Complement inhibition reverses mental losses in preclinical traumatic brain injury models

Complement inhibition reverses mental losses in preclinical traumatic brain injury models

Traumatic brain injury (TBI) is a major cause of disability and a risk factor for early-onset dementia. The injury is characterized by a physical insult followed acutely by complement driven neuroinflammation. Complement, a part of the innate immune system that functions both in the brain and throughout the body, enhances the body’s ability to fight pathogens, promote inflammation and clear damaged cells. Complement plays a role in the brain, regardless of infection or injury, as it influences brain development and synapse formation.

In TBI, complement- induced inflammation partially determines the outcome in the weeks immediately following injury. However, more research is needed to define a role for the complement system in neurodegeneration following head injury, specifically in the long-term, chronic phase of TBI. Furthermore, therapeutic management of TBI patients is limited to the acute phase following injury, as little is known about the link between the initial insult and the chronic neurodegeneration and cognitive decline in the months and years that follow.

Researchers at the Medical University of South Carolina (MUSC), the Ralph H. Johnson VA Medical Center and elsewhere have reported a link between the complement system and the chronic phase of TBI. Their results, published online on Jan. 12 in the Journal of Neuroscience, showed that inhibition of complement at two months after TBI disrupts neurodegeneration and improves cognitive function.

“TBI is associated with cognitive decline and dementia, and there are zero pharmacological treatments to prevent that cognitive decline,” said Stephen Tomlinson, Ph.D., a professor and interim chairman of the Department of Microbiology and Immunology, who studies brain injury and the complement system.

“The vast majority of studies that have been done investigating different therapeutics in TBI have all been done with acute treatments, within hours of the initial insult. Our study is significant because we are starting treatments out to two months after TBI.”

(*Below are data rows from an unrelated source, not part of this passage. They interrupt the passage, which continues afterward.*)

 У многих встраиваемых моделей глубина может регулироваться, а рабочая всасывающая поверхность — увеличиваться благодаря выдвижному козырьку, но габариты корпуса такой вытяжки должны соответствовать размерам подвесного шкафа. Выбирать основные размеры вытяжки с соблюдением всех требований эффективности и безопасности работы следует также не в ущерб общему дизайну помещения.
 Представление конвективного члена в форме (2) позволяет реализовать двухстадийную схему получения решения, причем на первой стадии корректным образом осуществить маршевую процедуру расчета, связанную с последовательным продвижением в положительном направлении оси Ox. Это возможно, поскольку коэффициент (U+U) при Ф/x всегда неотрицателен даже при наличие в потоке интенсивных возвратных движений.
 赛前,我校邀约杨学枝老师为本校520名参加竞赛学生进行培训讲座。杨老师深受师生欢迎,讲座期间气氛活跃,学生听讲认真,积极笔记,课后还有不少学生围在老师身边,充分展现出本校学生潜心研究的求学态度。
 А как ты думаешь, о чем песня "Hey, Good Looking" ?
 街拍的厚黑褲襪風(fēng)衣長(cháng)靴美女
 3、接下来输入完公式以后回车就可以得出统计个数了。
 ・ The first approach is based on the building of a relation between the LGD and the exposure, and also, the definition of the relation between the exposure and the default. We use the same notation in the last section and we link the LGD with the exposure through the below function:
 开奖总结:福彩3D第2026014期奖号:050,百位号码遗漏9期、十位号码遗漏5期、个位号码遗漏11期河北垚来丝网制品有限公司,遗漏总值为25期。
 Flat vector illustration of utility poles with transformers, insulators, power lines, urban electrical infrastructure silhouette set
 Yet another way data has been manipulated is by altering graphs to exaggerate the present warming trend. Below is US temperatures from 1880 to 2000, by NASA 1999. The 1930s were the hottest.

To understand more fully the timing of complement and chronic TBI, the Tomlinson Lab first looked at the body’s response to the damaged area. They showed that certain brain cells, called microglia, destroy neuronal synapses that have been marked by complement for degradation. This process reduces the overall number and density of synapses in the brain. Further, they reported ongoing complement activation up to three months after one initial TBI insult, with expanding neuroinflammation across brain regions. This inflammatory response promotes degeneration of synapses and was predictive of progressive cognitive decline.

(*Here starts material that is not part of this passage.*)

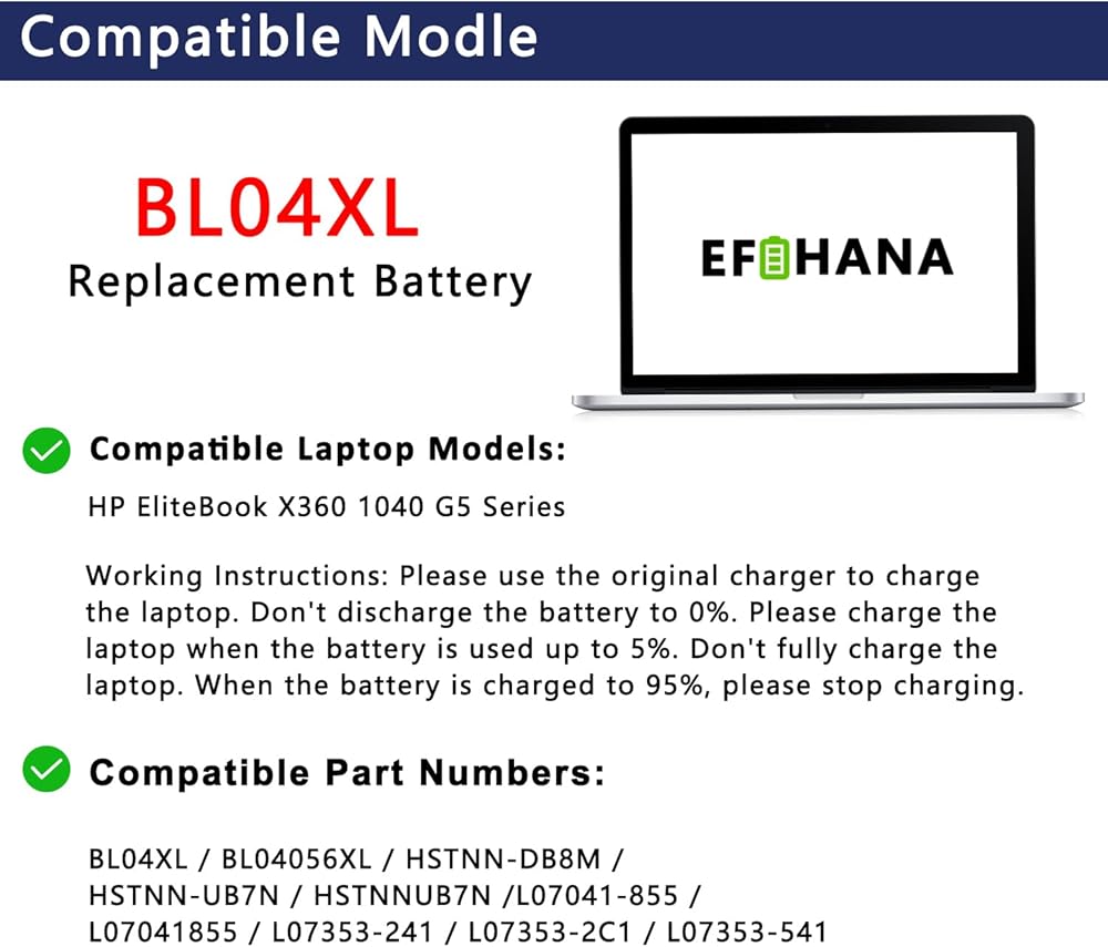 • 😎【Security】All EFOHANA products are certified by UL / CE / FCC / RoHS for safety. We're so confident in the performance of our replacement laptop batteries, strict guidelines for compatibility, strict quality control standards and standards compliance for environment safety. (including short circuit, overheat, and overload protections.)

The researchers then explored the therapeutic effects of blocking complement. They used a complement inhibitor that specifically targets sites of complement activation and brain cell injury. Inhibiting complement interrupted the decline in brain cell function and reversed mental losses on tasks that evaluate spatial learning and memory, even when delivery of the inhibitor was delayed until two months after the injury.

“One big advantage of our approach is that we do not systemically inhibit complement,” said Tomlinson.

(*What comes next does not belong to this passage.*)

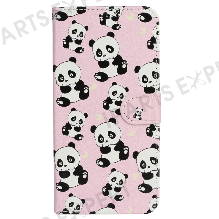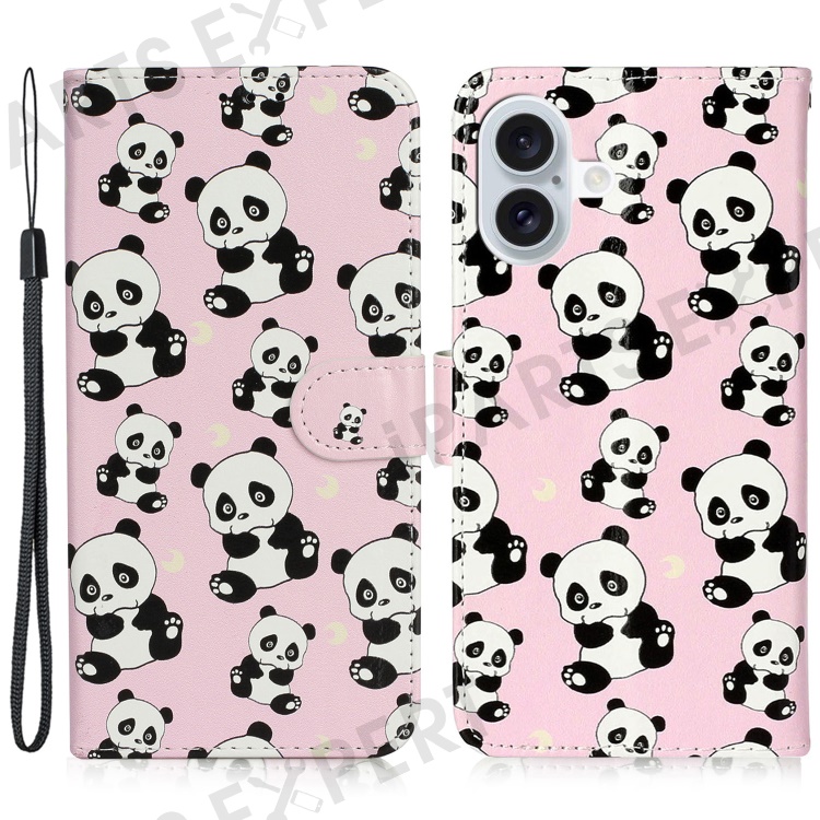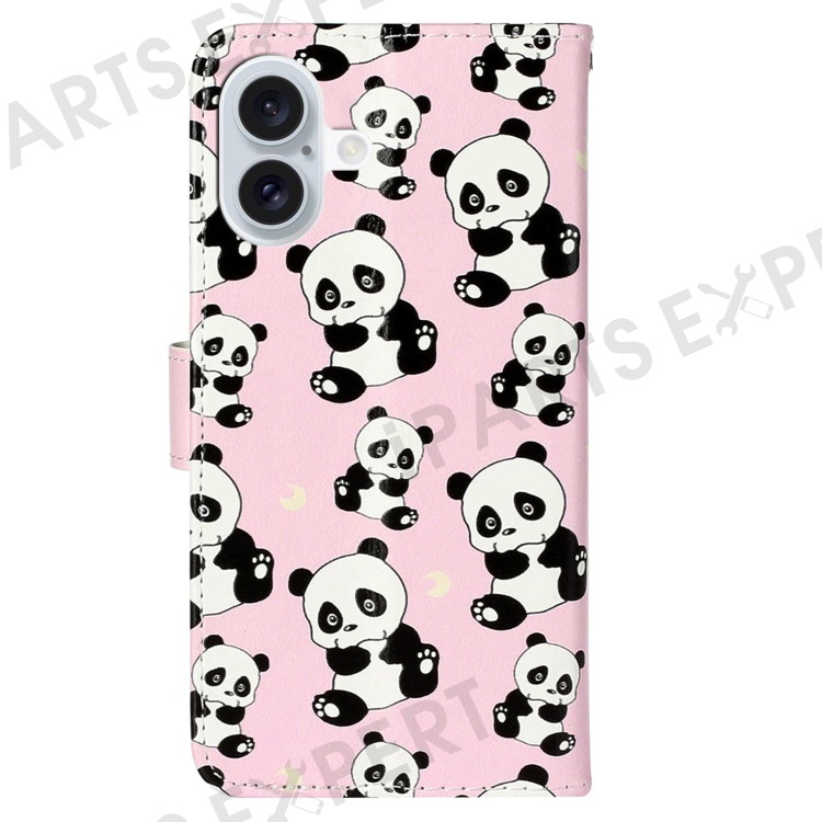 For iPhone 16 Case Leather Card Slot Holder Flip Phone Cover Pattern Printing - Panda

“With acute treatments, it is not that big of an issue but chronically treating someone with a complement inhibitor systemically is not optimal because complement does other important things, ranging from host defense to controlling homeostatic and regenerative mechanisms.”

Thus far, therapeutic investigations in preclinical models have focused almost entirely on acute treatments for TBI. With this new insight into TBI pathology, the Tomlinson team suggests that all phases of injury, including chronic time points, may be responsive to therapeutic treatments, specifically those involving complement inhibition.

These findings are critical, as rehabilitative interventions are the only available management strategy for TBI to improve cognitive and motor functions. Additionally, cumulative evidence shows that rehabilitation is likely to speed up recovery but not change long-term outcomes.

“It gives us a new way of perceiving TBI management. Really, the only therapy at the moment is rehabilitation therapy, which clinically has very little benefit. We have found that rehabilitation and complement inhibition have additive effects,” said Tomlinson.

Looking forward, Tomlinson wants to take the translational approach of complement inhibition in the chronic phase of TBI out further, past that two-month window, and is investigating whether the treatment will still work in mice if it is begun six months to a year out from the initial TBI. Additionally, Tomlinson is developing models of repetitive TBI and plans to investigate anxiety and depressive behaviors in addition to early onset dementia, a significant concern in regard to veterans, soldiers and athletes.